*Saved data entries*
______________________________
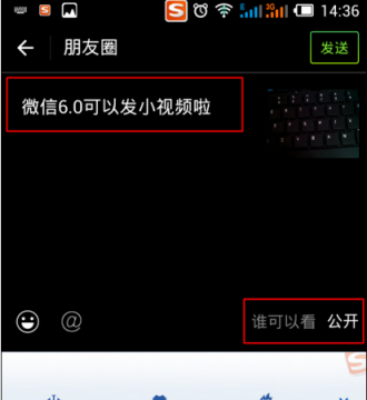 5、8秒短视频拍摄完成后,可以在视频左边“输入分享内容”或者选择“谁可以看”
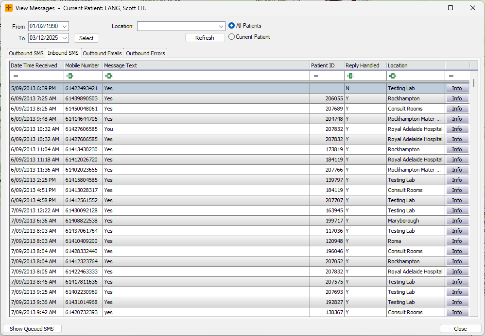 How to view messages sent to a patient
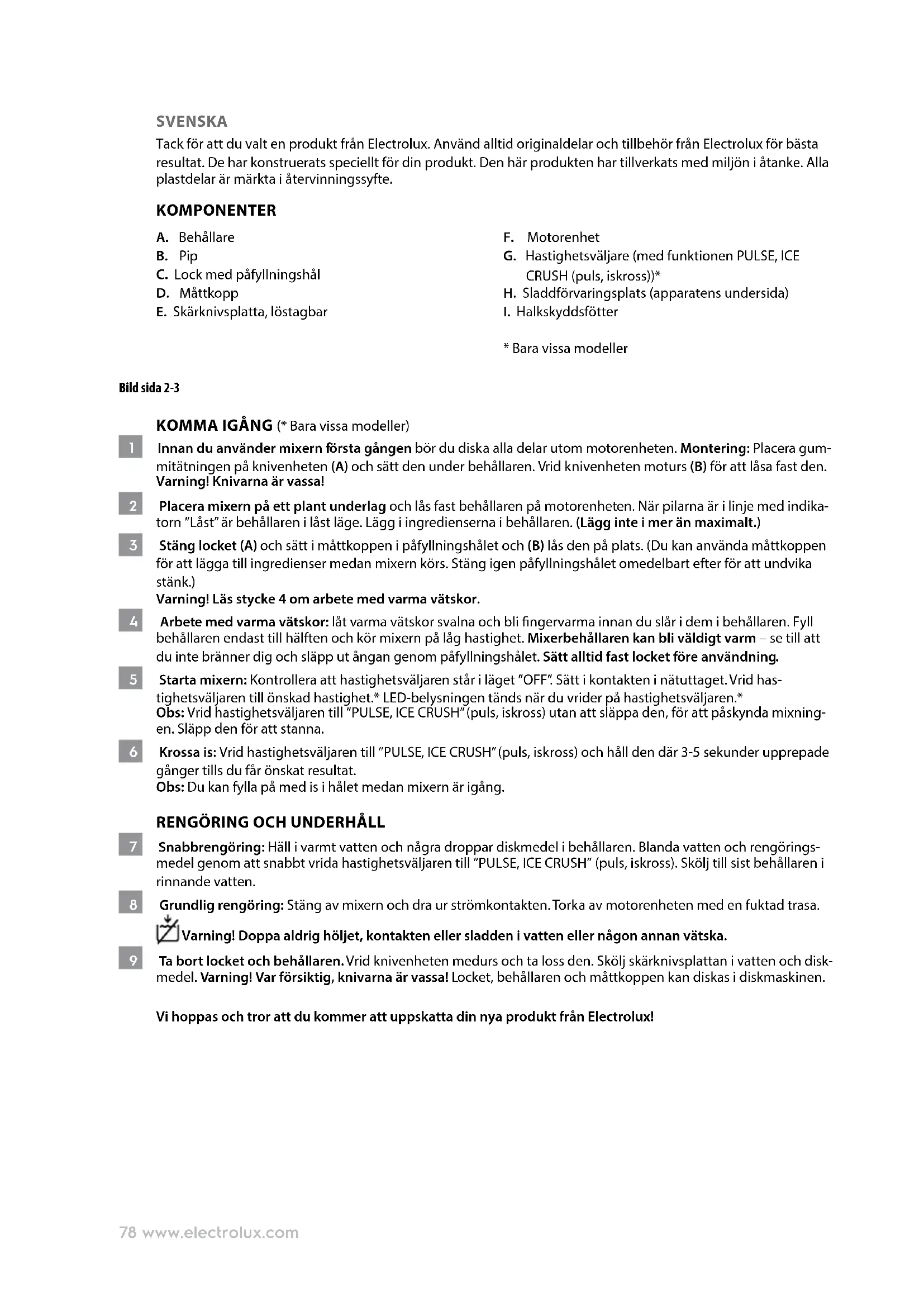 7 Snabbrengöring: Häll i varmt vatten och några droppar diskmedel i behållaren. Blanda vatten och rengörings- medel genom att snabbt vrida hastighetsväljaren till ”PULSE, ICE CRUSH” (puls, iskross). Skölj till sist behållaren i rinnande vatten. 8 Grundlig rengöring: Stäng av mixern och dra ur strömkontakten. Torka av motorenheten med en fuktad trasa. Varning! Doppa aldrig höljet, kontakten eller sladden i vatten eller någon annan vätska. 9 Ta bort locket och behållaren. Vrid knivenheten medurs och ta loss den. Skölj skärknivsplattan i vatten och disk- medel. Varning! Var försiktig, knivarna är vassa! Locket, behållaren och måttkoppen kan diskas i diskmaskinen. Vi hoppas och tror att du kommer att uppskatta din nya produkt från Electrolux!79www.electrolux.com
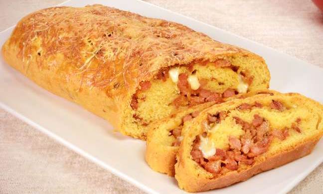 Enrole como rocambole, fechando as laterais, e coloque em uma fôrma untada e enfarinhada.
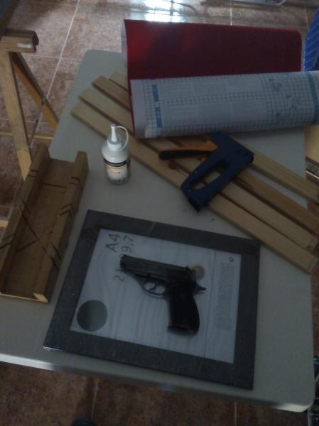 Bueno pues como ya suponéis es muy fácil de hacer, aquí lo necesario, marco de fotos tamaño a4, ingletadora,grapadora,cola madera, terciopelo adhesivo y listones del ancho que necesitemos para que el arma entre sin dar en el cristal
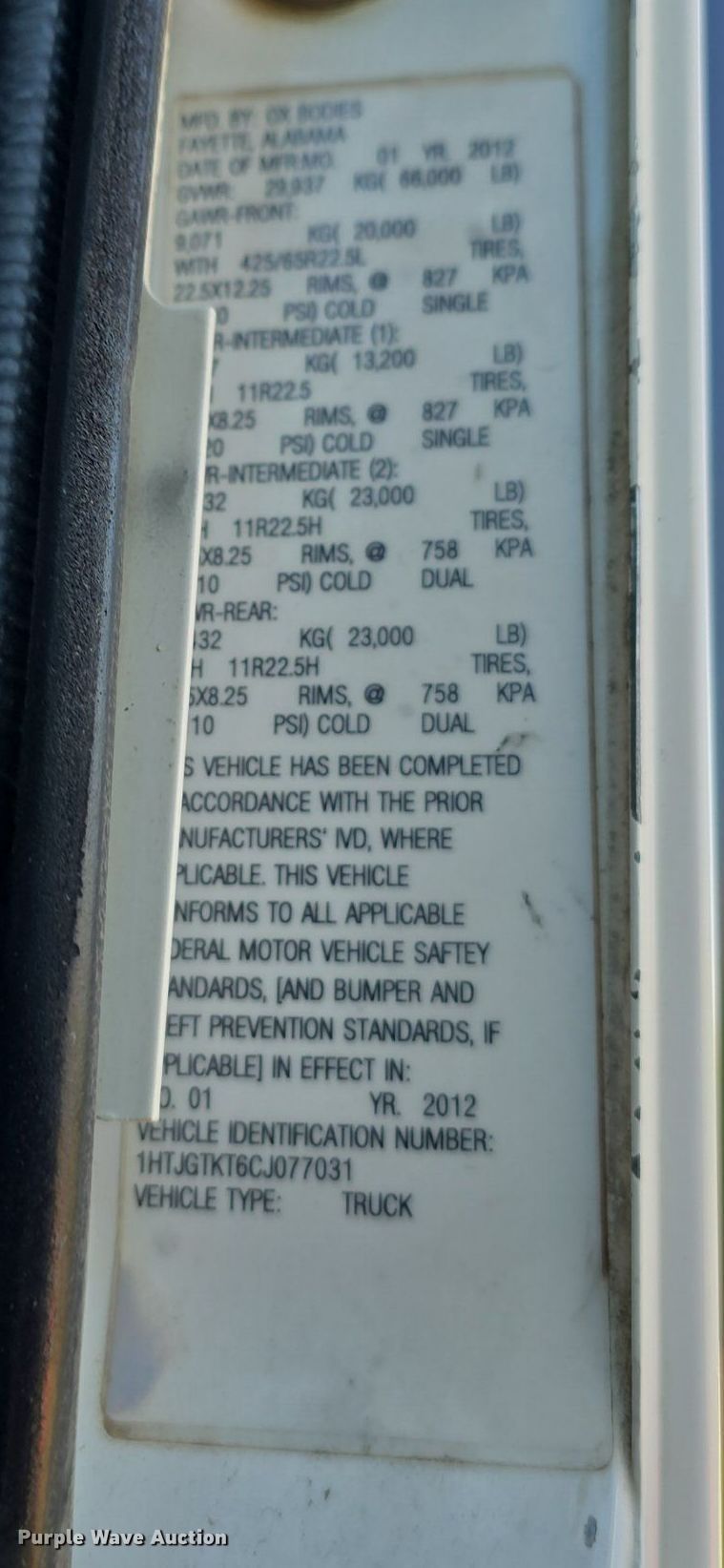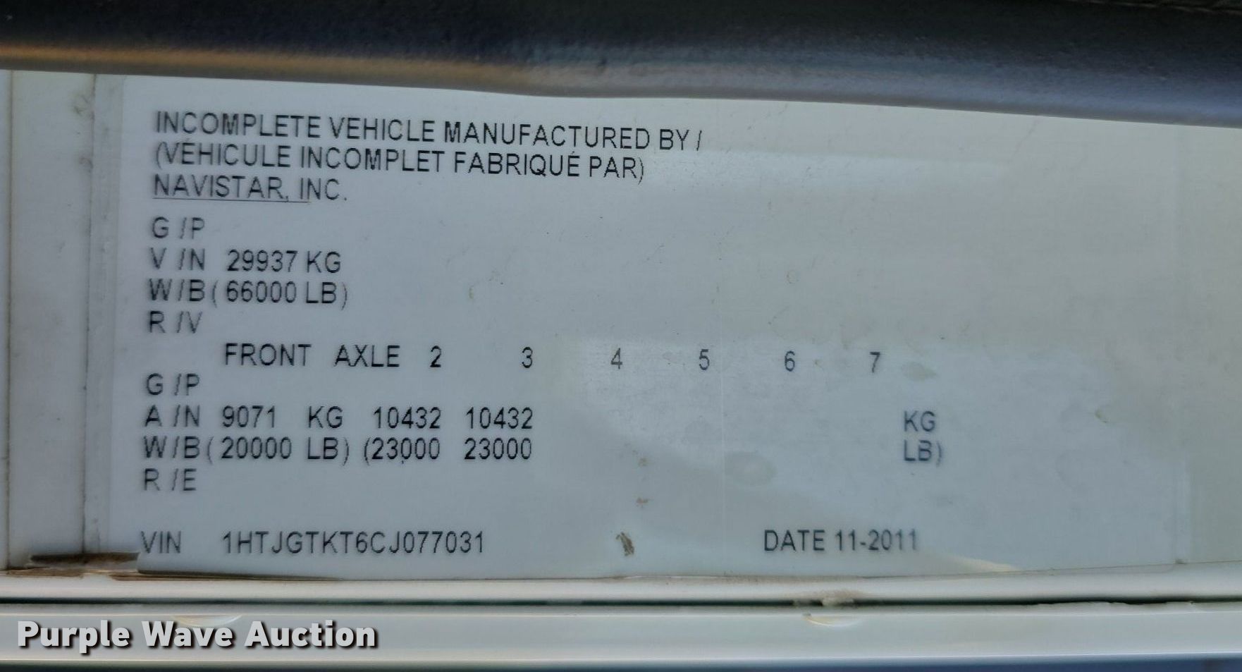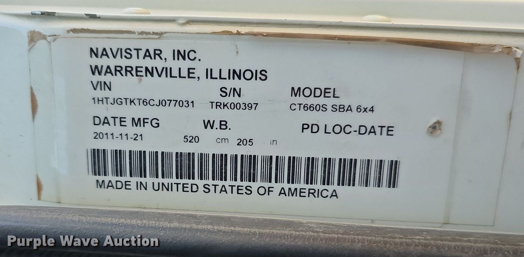2012 Caterpillar CT660 dump truck. Miles: Unknown, VIN: 1HTJGTKT6CJ077031. Engine Caterpillar CT13, Displacement: 13.0L, Cylinders: 6, Fuel type: Diesel, Engine brake. Transmission Caterpillar, Automatic. Chassis Double frame, Axles: Tandem, Differential lock: Full, Suspension: Spring over walking beam, Brakes: Air, PTO, GVWR: 66,000 lbs FAWR: 13,200 lbs, IAWR: 23,000 lbs, RAWR: 23,000 lbs, Wheelbase: 206". Interior AC, Heat, Heated mirrors, Power windows, Cruise control. Features Dump bed Ox Bodies, 16' L x 96" W, Side height: 65", Bed type: Steel, Bed vibrator, Roll tarp, Ram: Single, End gate: Air operated. Tires Front: 425/65R22.5, Rear: 11R24.5. Notes Windshield chipped or cracked, Non-operational dash cluster, Electrical issues, Intermittent transmission electrical issues. Nebraska title. Mileage has not been verified. Odometer discrepancy will be marked on the title. Title distribution may be delayed up to 14 days from verification of funds. Ben Engel Construction LLC. Hastings, NE 68901
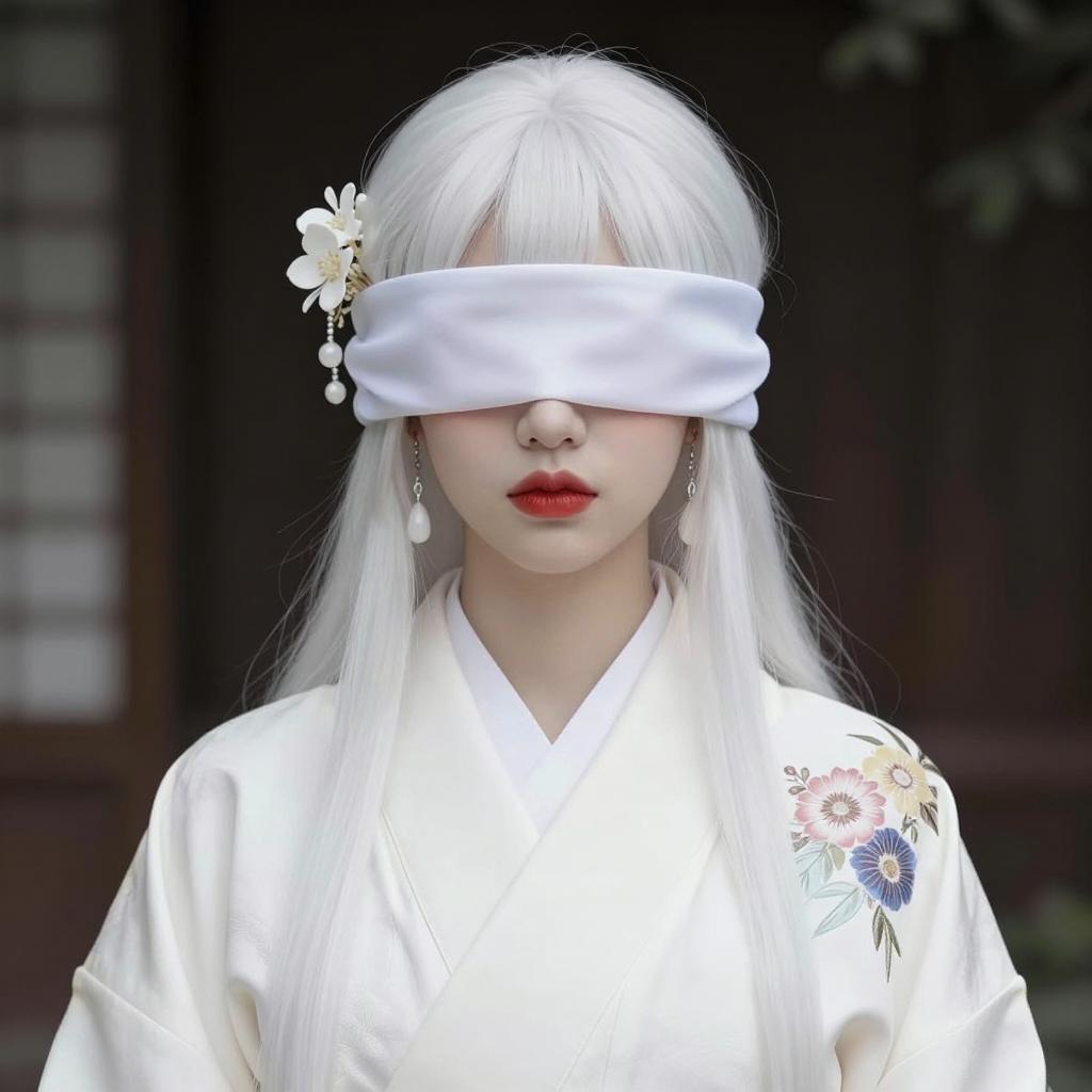 Digital illustration of a pale-skinned woman with long, wavy gray hair, wearing a black blindfold. She has red lipstick and a black, lace-trimmed dress with a gold chain belt. Her right hand is on her chest. She is facing slightly downward. Background is dark and blurred. Her expression is neutral.
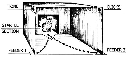 Test and procedures of learning. Animals were conditioned in the test of elaboration of instrumental spatial sound discrimination to two feeders with food reward. Learning was processed in a special experimental cabin, consisting from two part (Fig.1). Rear part of the experimental cabin, with the area of 0.3 m2 served as the starting box where the animals were kept in the inter trial period. In the front part with area 1 m2 outside at the front side-walls feeders were placed from which the animals received food reward by raising of suspended door. Tone of 500 Hz served as a conditioned signal for one feeder, and clicks - for other. In response to the former, the animal was expected to go to the right, in response to the latter, to the left. The source of sound was placed on the top of front wall at the very ceiling of experimental cabin. 5 sec after the onset of one or the other conditioned signal the door of the starting box was opened and the animal was allowed to perform the food- procuring behavior. The conditioned signals were given accidentally. As soon as the animal took the food reward the conditioned signal used to be interrupted. A ten-fold pairing of each conditioned signals with food reward were made in one of the learning session. After reaching of 100% level of correct responses for four consecutive days, learning was finished.
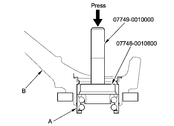 5. Press the wheel bearing (A) out of the knuckle (B) using the attachment, the driver handle, and a press.
______________________________
*Exercise prompt*
Skipping the pictures, output the entries exactly as they appear above.

*Answer for this exercise*
 5、8秒短视频拍摄完成后,可以在视频左边“输入分享内容”或者选择“谁可以看”
 How to view messages sent to a patient
 7 Snabbrengöring: Häll i varmt vatten och några droppar diskmedel i behållaren. Blanda vatten och rengörings- medel genom att snabbt vrida hastighetsväljaren till ”PULSE, ICE CRUSH” (puls, iskross). Skölj till sist behållaren i rinnande vatten. 8 Grundlig rengöring: Stäng av mixern och dra ur strömkontakten. Torka av motorenheten med en fuktad trasa. Varning! Doppa aldrig höljet, kontakten eller sladden i vatten eller någon annan vätska. 9 Ta bort locket och behållaren. Vrid knivenheten medurs och ta loss den. Skölj skärknivsplattan i vatten och disk- medel. Varning! Var försiktig, knivarna är vassa! Locket, behållaren och måttkoppen kan diskas i diskmaskinen. Vi hoppas och tror att du kommer att uppskatta din nya produkt från Electrolux!79www.electrolux.com
 Enrole como rocambole, fechando as laterais, e coloque em uma fôrma untada e enfarinhada.
 Bueno pues como ya suponéis es muy fácil de hacer, aquí lo necesario, marco de fotos tamaño a4, ingletadora,grapadora,cola madera, terciopelo adhesivo y listones del ancho que necesitemos para que el arma entre sin dar en el cristal
2012 Caterpillar CT660 dump truck. Miles: Unknown, VIN: 1HTJGTKT6CJ077031. Engine Caterpillar CT13, Displacement: 13.0L, Cylinders: 6, Fuel type: Diesel, Engine brake. Transmission Caterpillar, Automatic. Chassis Double frame, Axles: Tandem, Differential lock: Full, Suspension: Spring over walking beam, Brakes: Air, PTO, GVWR: 66,000 lbs FAWR: 13,200 lbs, IAWR: 23,000 lbs, RAWR: 23,000 lbs, Wheelbase: 206". Interior AC, Heat, Heated mirrors, Power windows, Cruise control. Features Dump bed Ox Bodies, 16' L x 96" W, Side height: 65", Bed type: Steel, Bed vibrator, Roll tarp, Ram: Single, End gate: Air operated. Tires Front: 425/65R22.5, Rear: 11R24.5. Notes Windshield chipped or cracked, Non-operational dash cluster, Electrical issues, Intermittent transmission electrical issues. Nebraska title. Mileage has not been verified. Odometer discrepancy will be marked on the title. Title distribution may be delayed up to 14 days from verification of funds. Ben Engel Construction LLC. Hastings, NE 68901
 Digital illustration of a pale-skinned woman with long, wavy gray hair, wearing a black blindfold. She has red lipstick and a black, lace-trimmed dress with a gold chain belt. Her right hand is on her chest. She is facing slightly downward. Background is dark and blurred. Her expression is neutral.
 Test and procedures of learning. Animals were conditioned in the test of elaboration of instrumental spatial sound discrimination to two feeders with food reward. Learning was processed in a special experimental cabin, consisting from two part (Fig.1). Rear part of the experimental cabin, with the area of 0.3 m2 served as the starting box where the animals were kept in the inter trial period. In the front part with area 1 m2 outside at the front side-walls feeders were placed from which the animals received food reward by raising of suspended door. Tone of 500 Hz served as a conditioned signal for one feeder, and clicks - for other. In response to the former, the animal was expected to go to the right, in response to the latter, to the left. The source of sound was placed on the top of front wall at the very ceiling of experimental cabin. 5 sec after the onset of one or the other conditioned signal the door of the starting box was opened and the animal was allowed to perform the food- procuring behavior. The conditioned signals were given accidentally. As soon as the animal took the food reward the conditioned signal used to be interrupted. A ten-fold pairing of each conditioned signals with food reward were made in one of the learning session. After reaching of 100% level of correct responses for four consecutive days, learning was finished.
 5. Press the wheel bearing (A) out of the knuckle (B) using the attachment, the driver handle, and a press.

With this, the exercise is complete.